III. Brandeis’ Vote against Whitney: Procedural & Substantive Faults
Justice Brandeis voted for Charles Ruthenberg on both procedural and substantive grounds, and voted against Anita Whitney on both procedural and substantive grounds. We find it difficult to accept such different outcomes.
The final two paragraphs of Brandeis’ concurrence in Whitney have been routinely ignored. Those paragraphs, which we quote in full, are set out below:
Whether in 1919, when Miss Whitney did the things complained of, there was in California such clear and present danger of serious evil, might have been made the important issue in the case. She might have required that the issue be determined either by the court or the jury. She claimed below that the statute as applied to her violated the Federal Constitution; but she did not claim that it was void because there was no clear and present danger of serious evil, nor did she request that the existence of these conditions of a valid measure thus restricting the rights of free speech and assembly be passed upon by the court or a jury. On the other hand, there was evidence on which the court or jury might have found that such danger existed. I am unable to assent to the suggestion in the opinion of the Court that assembling with a political party, formed to advocate the desirability of a proletarian revolution by mass action at some date necessarily far in the future, is not a right within the protection of the Fourteenth Amendment. In the present case, however, there was other testimony which tended to establish the existence of a conspiracy, on the part of members of the International Workers of the World, to commit present serious crimes; and likewise to show that such a conspiracy would be furthered by the activity of the society of which Miss Whitney was a member. Under these circumstances the judgment of the state court cannot be disturbed.
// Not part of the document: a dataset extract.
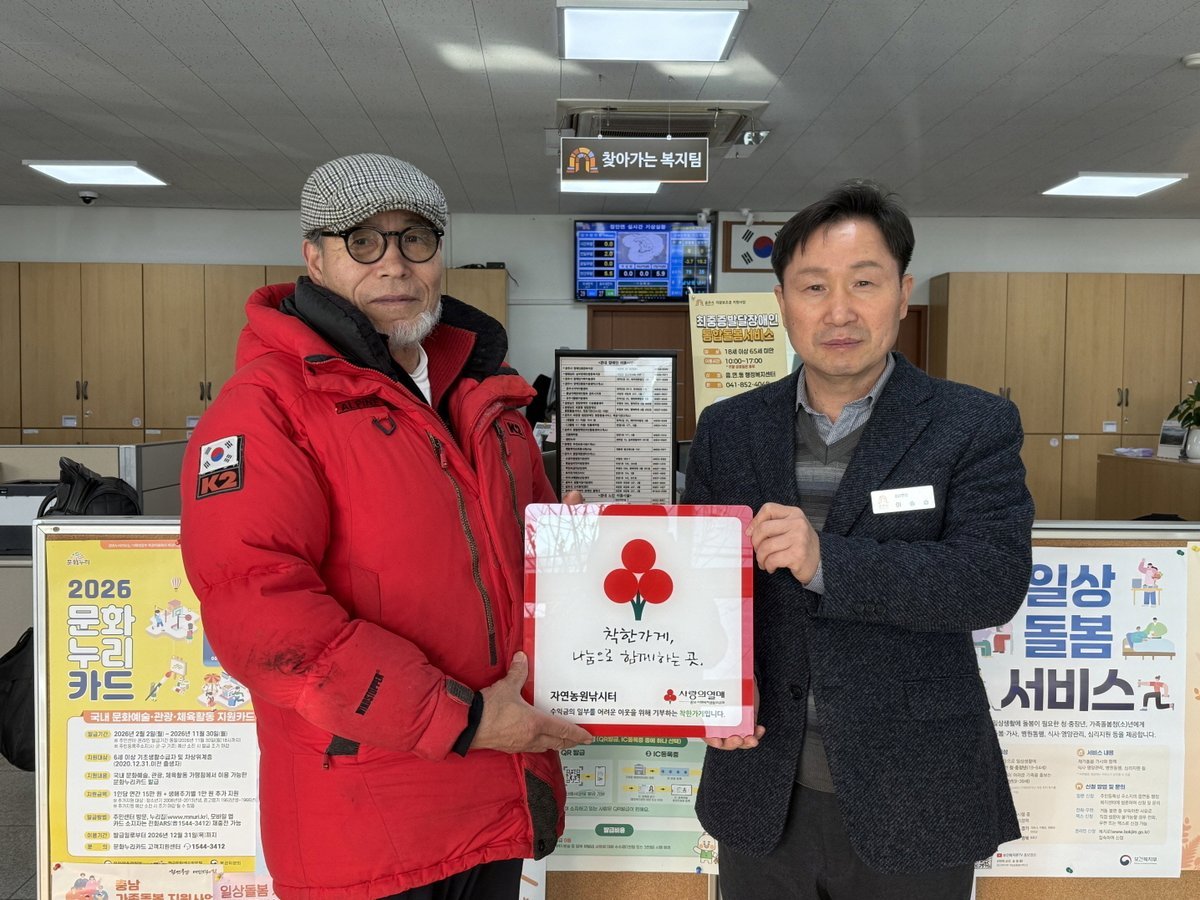 이승습 정안면장은 “모두가 어려운 시기에 나눔에 동참해 주신 자연농원낚시터에 감사드린다”며 “착한가게를 통해 정안면 전반에 나눔 문화가 더욱 확산되길 기대한다”고 전했다.

Our power of review in this case is limited not only to the question whether a right guaranteed by the Federal Constitution was denied, Murdock v. City of Memphis, 20 Wall. 590; Haire v. Rice, 204 U.S. 291, 301; but to the particular claims duly made below, and denied. Seaboard Air Line Ry. v. Duvall, 225 U.S. 477, 485-488. We lack here the power occasionally exercised on review of judgments of lower federal courts to correct in criminal cases vital errors, although the objection was not taken in the trial court. Wiborg v. United States, 163 U.S. 632, 658-660; Clyatt v. United States, 197 U.S. 207, 221-222. This is a writ of error to a state court. Because we may not enquire into the errors now alleged, I concur in affirming the judgment of the state court.[145]
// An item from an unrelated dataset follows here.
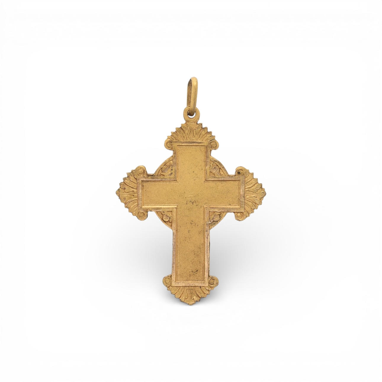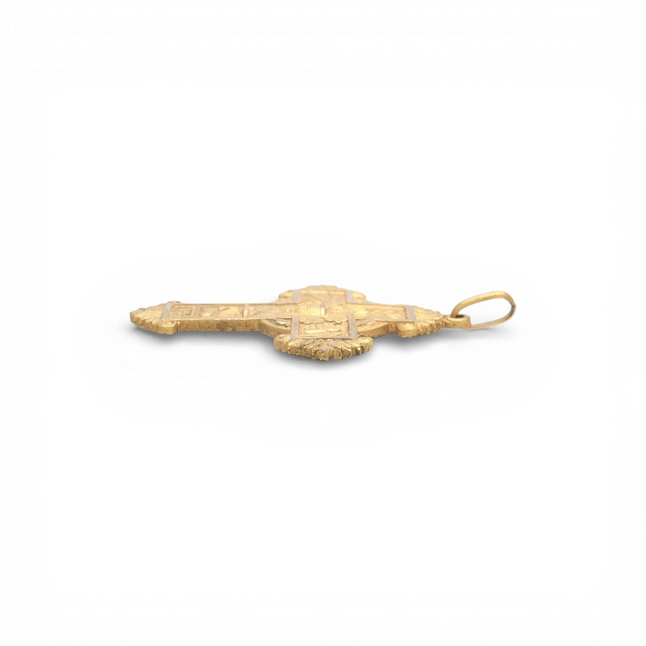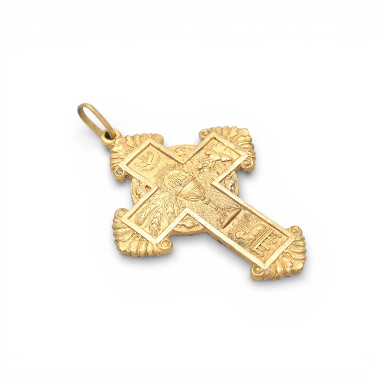Over-gilded metal depicting Christian symbols. 5.9 x 3.8 cm.

At the outset, note that Brandeis offers two kinds of arguments as to why he votes to affirm Whitney’s conviction – jurisdictional and substantive. Generally speaking, this two-track line of argument suggests that even if one were to grant arguendo that there were no jurisdictional impediments, Brandeis was nonetheless prepared to vote against Whitney on the substantive merits. On both tracks, we think Brandeis had it wrong, and we surmise that he may well have known it.